Kohlendioxid, Stickoxide, Feinstaub – wo viele Fahrzeuge unterwegs sind, ist die Luft schnell schlecht. Besonders in den Innenstädten der Ballungszentren überschreiten die Schadstoffmengen die erlaubten Grenzen zu oft und zu weit. Die Schadstoffe lassen nach EU-Angaben europaweit Hunderttausende Menschen verfrüht sterben. Auch in Deutschland müssen die Behörden deshalb gegensteuern. Die EU-Kommission identifizierte 28 Gebiete mit Grenzwertüberschreitungen. Darunter sind die Ballungsräume Berlin, München, Stuttgart und Hamburg. Auch in Köln, Düsseldorf und fast allen größeren Städten in Nordrhein-Westfalen besteht das Problem.

Als Hauptproblem wurden die Dieselfahrzeuge erkannt. Der Dieselmotor hat seit dem Bekanntwerden der breit angelegten Manipulationen von Abgastests ein Imageproblem. Das im Talkessel gelegene Stuttgart hat bereits beschlossen, ab 2018 ältere Dieselfahrzeuge aus der City auszusperren. Betroffen sind vor allem Pendler, Handwerksbetriebe, Dienstleister. Nun erwägt auch Münchens Oberbürgermeister Dieter Reiter (SPD) Fahrverbote für Diesel, um die Luft in seiner Stadt sauberer zu machen. Mit diesem Plan hat er Unruhe ausgelöst und einige Fragen aufgeworfen. Parallel läuft die Diskussion über alternative Gegenmaßnahmen.

Welche Autos wären betroffen?

Noch ist für München nichts beschlossen und niemand weiß bisher, welches Gebiet für Dieselautos gesperrt werden soll.

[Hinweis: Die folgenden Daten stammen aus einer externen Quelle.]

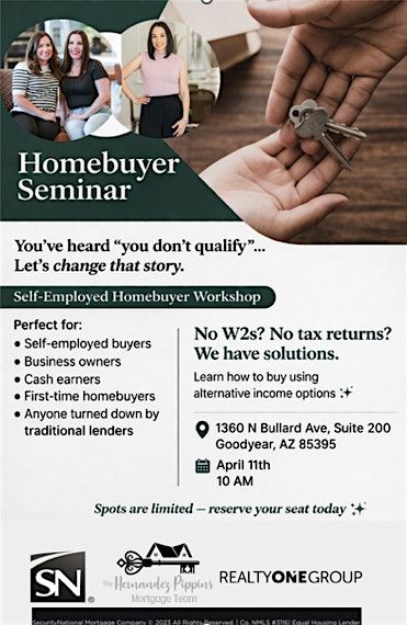 Join us on April 11, 2026 at 10:00 AM (MST) at 1360 N Bullard Ave ste 200 for a laid-back session all about homeownership tips tailored for the self-employed. We’ll cover smart strategies to help you succeed in your journey to owning a home without the usual headaches. Perfect for freelancers, entrepreneurs, and anyone running their own show. Don’t miss out on this friendly, info-packed event!

Den Erfahrungen aus Stuttgart nach würde ein Verbot alle Dieselfahrzeuge betreffen, die nicht die Euro-6-Schadstoffklasse erfüllen – die derzeit schärfste Klasse gilt seit 2015 für alle Pkw-Neuwagen. Die allermeisten Dieselfahrzeuge, die derzeit auf der Straße sind, erfüllen diese Norm nicht.

In München mit seinen werktäglich 200.000 Pendlern dürften damit etwa 40 Prozent der Fahrzeuge nicht mehr in den gesperrten Bereich fahren. Von den 720.000 Münchner Autos sind 295.000 Dieselfahrzeuge.

In Stuttgart ist bereits beschlossen, dass ab 2018 bestimmte Straßen an Tagen mit hoher Feinstaubbelastung (Feinstaubalarm) für Dieselfahrzeuge verboten sind. Ausnahmen soll es jedoch geben, unter anderem für Handwerker, Lieferdienste, Taxis. Allein in Stuttgart sind nach Angaben der Stadt 107.000 Dieselfahrzeuge zugelassen, 73.000 davon erfüllen nicht die Abgasnorm.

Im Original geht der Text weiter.